• Task directions: For the entries that follow, retype exactly the lines from the one containing "Copo Térmico floral" to the one containing "报告显示,县域旅游综合实力研", inclusive, and only those. Images stay out of the copy.

• Source records:
--- START ---

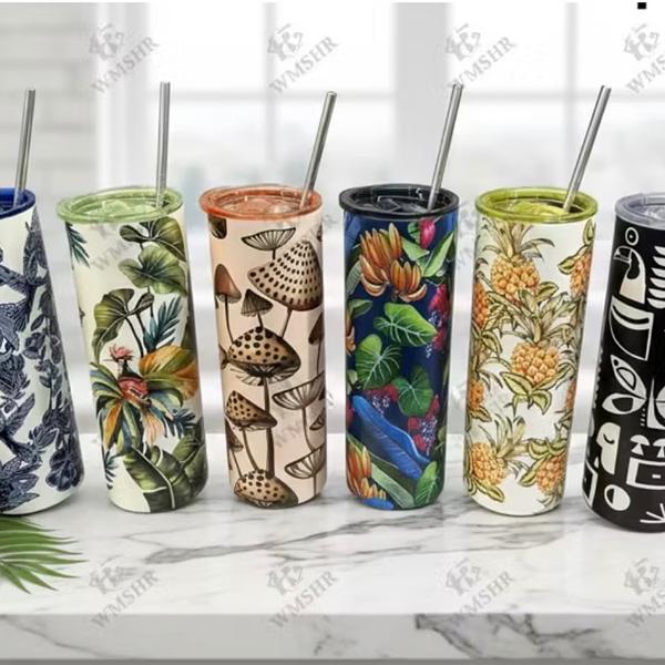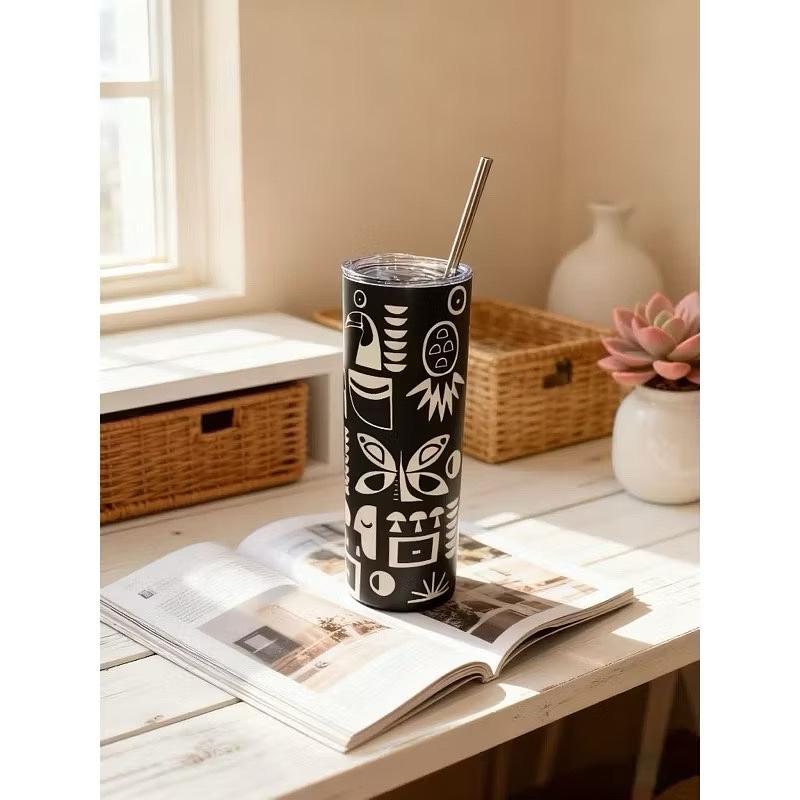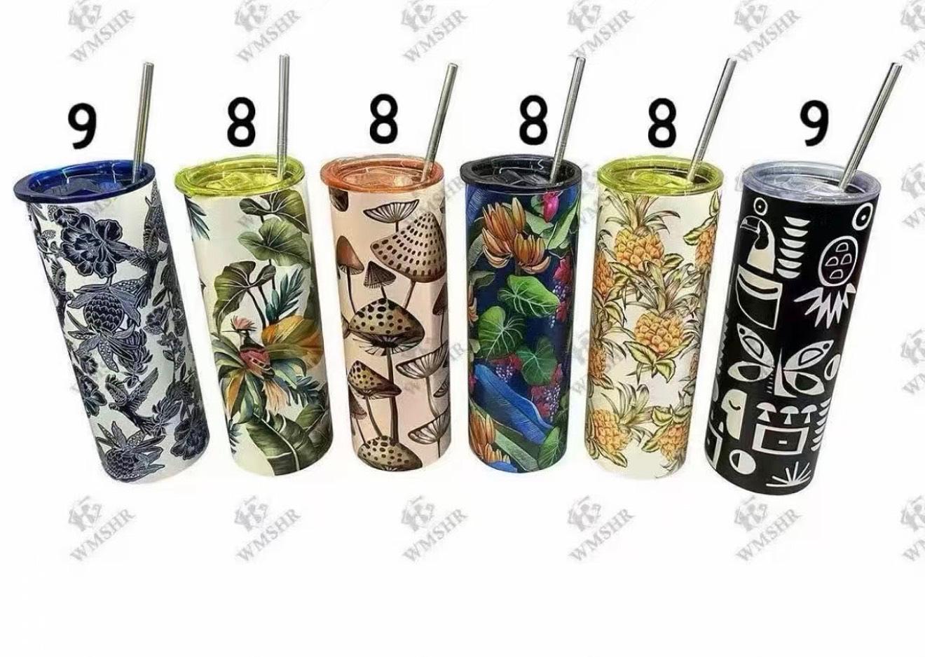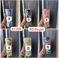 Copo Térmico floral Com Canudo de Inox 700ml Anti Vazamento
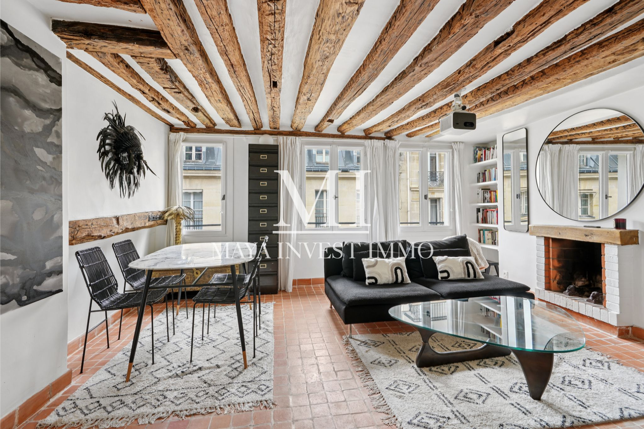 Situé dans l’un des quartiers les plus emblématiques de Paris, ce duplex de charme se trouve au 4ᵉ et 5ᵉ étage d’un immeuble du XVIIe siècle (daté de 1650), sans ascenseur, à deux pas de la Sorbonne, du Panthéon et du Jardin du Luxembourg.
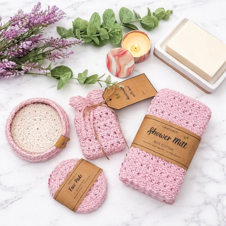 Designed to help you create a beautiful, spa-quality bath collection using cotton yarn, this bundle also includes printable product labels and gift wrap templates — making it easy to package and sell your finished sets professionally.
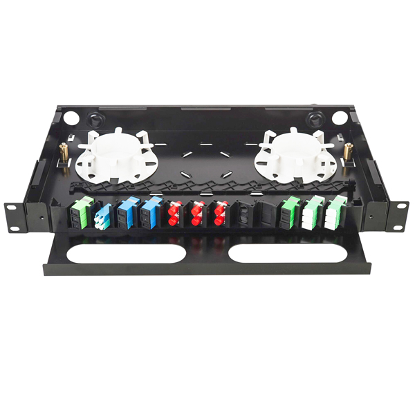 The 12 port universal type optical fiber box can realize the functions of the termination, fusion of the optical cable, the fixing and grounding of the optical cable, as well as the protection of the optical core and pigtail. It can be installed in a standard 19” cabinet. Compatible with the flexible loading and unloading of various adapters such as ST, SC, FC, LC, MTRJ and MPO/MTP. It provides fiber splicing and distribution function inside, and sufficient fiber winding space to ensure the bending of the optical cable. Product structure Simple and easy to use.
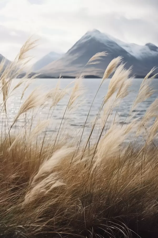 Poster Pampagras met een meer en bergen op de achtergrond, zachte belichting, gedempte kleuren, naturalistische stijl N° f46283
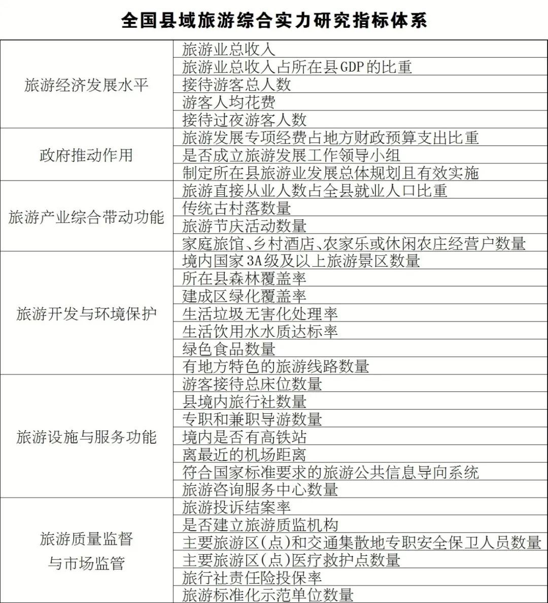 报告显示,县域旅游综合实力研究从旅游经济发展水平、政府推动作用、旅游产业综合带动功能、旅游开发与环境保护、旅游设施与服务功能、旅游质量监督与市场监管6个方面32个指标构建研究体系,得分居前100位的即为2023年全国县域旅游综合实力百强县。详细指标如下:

--- END ---
--- START ---

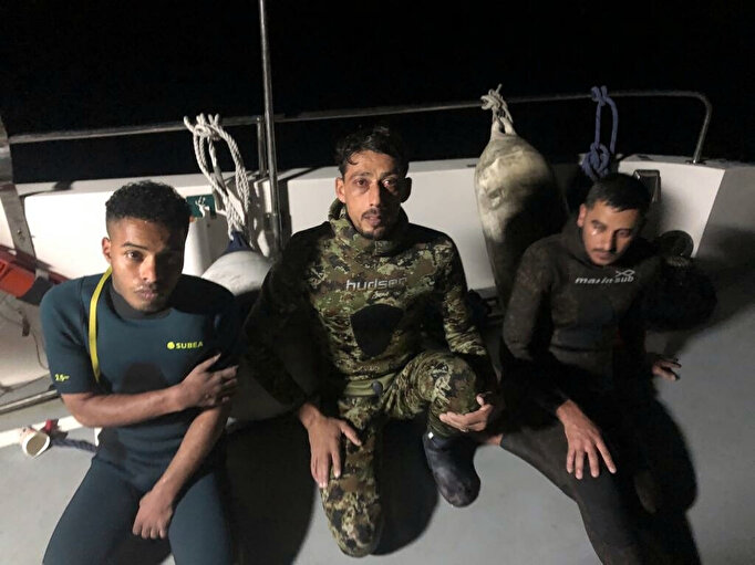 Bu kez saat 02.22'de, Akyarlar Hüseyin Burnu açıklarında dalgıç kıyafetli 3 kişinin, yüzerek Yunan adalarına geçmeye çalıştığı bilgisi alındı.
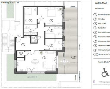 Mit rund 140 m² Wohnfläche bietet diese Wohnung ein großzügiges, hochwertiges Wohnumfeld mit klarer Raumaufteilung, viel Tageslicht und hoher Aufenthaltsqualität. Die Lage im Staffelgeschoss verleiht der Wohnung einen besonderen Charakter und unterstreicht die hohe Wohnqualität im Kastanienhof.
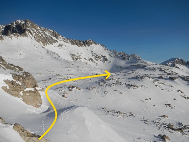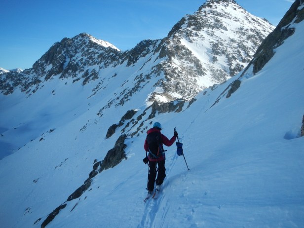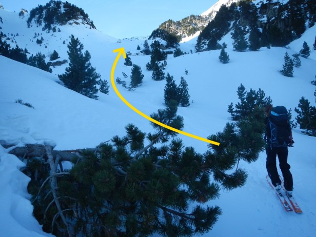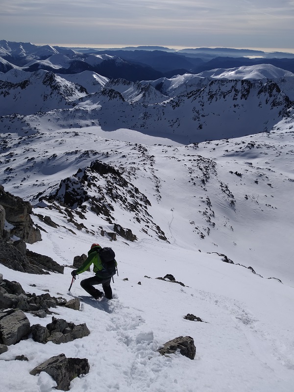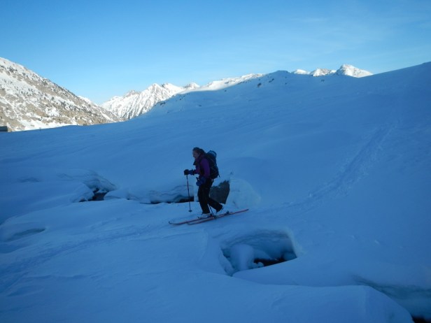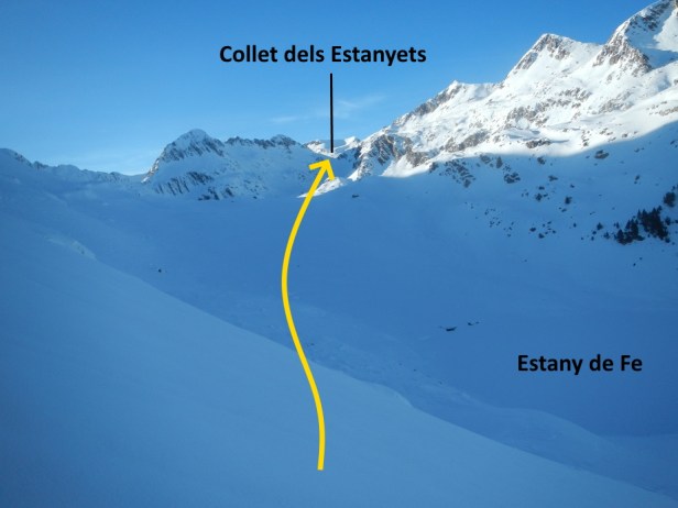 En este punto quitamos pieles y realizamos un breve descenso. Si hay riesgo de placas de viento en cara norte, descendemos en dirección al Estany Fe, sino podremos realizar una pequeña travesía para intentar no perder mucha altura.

--- END ---
--- START ---

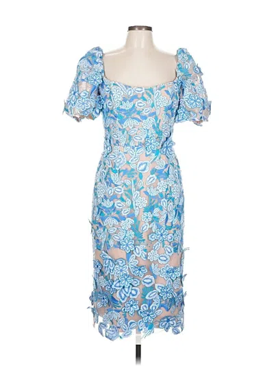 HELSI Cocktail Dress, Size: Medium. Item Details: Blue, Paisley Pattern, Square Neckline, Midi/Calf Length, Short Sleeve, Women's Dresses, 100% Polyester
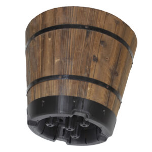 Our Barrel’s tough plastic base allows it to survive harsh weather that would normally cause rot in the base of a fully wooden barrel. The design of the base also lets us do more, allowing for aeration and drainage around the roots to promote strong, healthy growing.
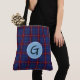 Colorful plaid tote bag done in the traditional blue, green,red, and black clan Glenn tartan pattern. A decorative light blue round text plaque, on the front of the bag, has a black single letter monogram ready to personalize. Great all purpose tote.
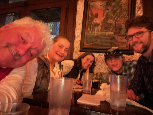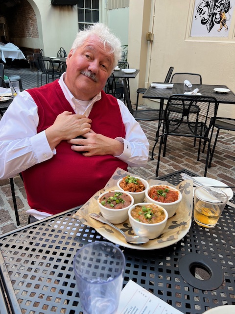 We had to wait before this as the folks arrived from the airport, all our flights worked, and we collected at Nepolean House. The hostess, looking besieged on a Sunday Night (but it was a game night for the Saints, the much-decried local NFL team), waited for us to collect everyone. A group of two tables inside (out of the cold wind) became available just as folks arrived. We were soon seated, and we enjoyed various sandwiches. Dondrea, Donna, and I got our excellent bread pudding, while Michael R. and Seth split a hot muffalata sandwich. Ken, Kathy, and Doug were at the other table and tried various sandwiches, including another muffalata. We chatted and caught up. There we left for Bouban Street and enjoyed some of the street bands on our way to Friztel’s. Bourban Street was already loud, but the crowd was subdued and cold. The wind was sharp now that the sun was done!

--- END ---

• Result for this exercise:
 Copo Térmico floral Com Canudo de Inox 700ml Anti Vazamento
 Situé dans l’un des quartiers les plus emblématiques de Paris, ce duplex de charme se trouve au 4ᵉ et 5ᵉ étage d’un immeuble du XVIIe siècle (daté de 1650), sans ascenseur, à deux pas de la Sorbonne, du Panthéon et du Jardin du Luxembourg.
 Designed to help you create a beautiful, spa-quality bath collection using cotton yarn, this bundle also includes printable product labels and gift wrap templates — making it easy to package and sell your finished sets professionally.
 The 12 port universal type optical fiber box can realize the functions of the termination, fusion of the optical cable, the fixing and grounding of the optical cable, as well as the protection of the optical core and pigtail. It can be installed in a standard 19” cabinet. Compatible with the flexible loading and unloading of various adapters such as ST, SC, FC, LC, MTRJ and MPO/MTP. It provides fiber splicing and distribution function inside, and sufficient fiber winding space to ensure the bending of the optical cable. Product structure Simple and easy to use.
 Poster Pampagras met een meer en bergen op de achtergrond, zachte belichting, gedempte kleuren, naturalistische stijl N° f46283
 报告显示,县域旅游综合实力研究从旅游经济发展水平、政府推动作用、旅游产业综合带动功能、旅游开发与环境保护、旅游设施与服务功能、旅游质量监督与市场监管6个方面32个指标构建研究体系,得分居前100位的即为2023年全国县域旅游综合实力百强县。详细指标如下:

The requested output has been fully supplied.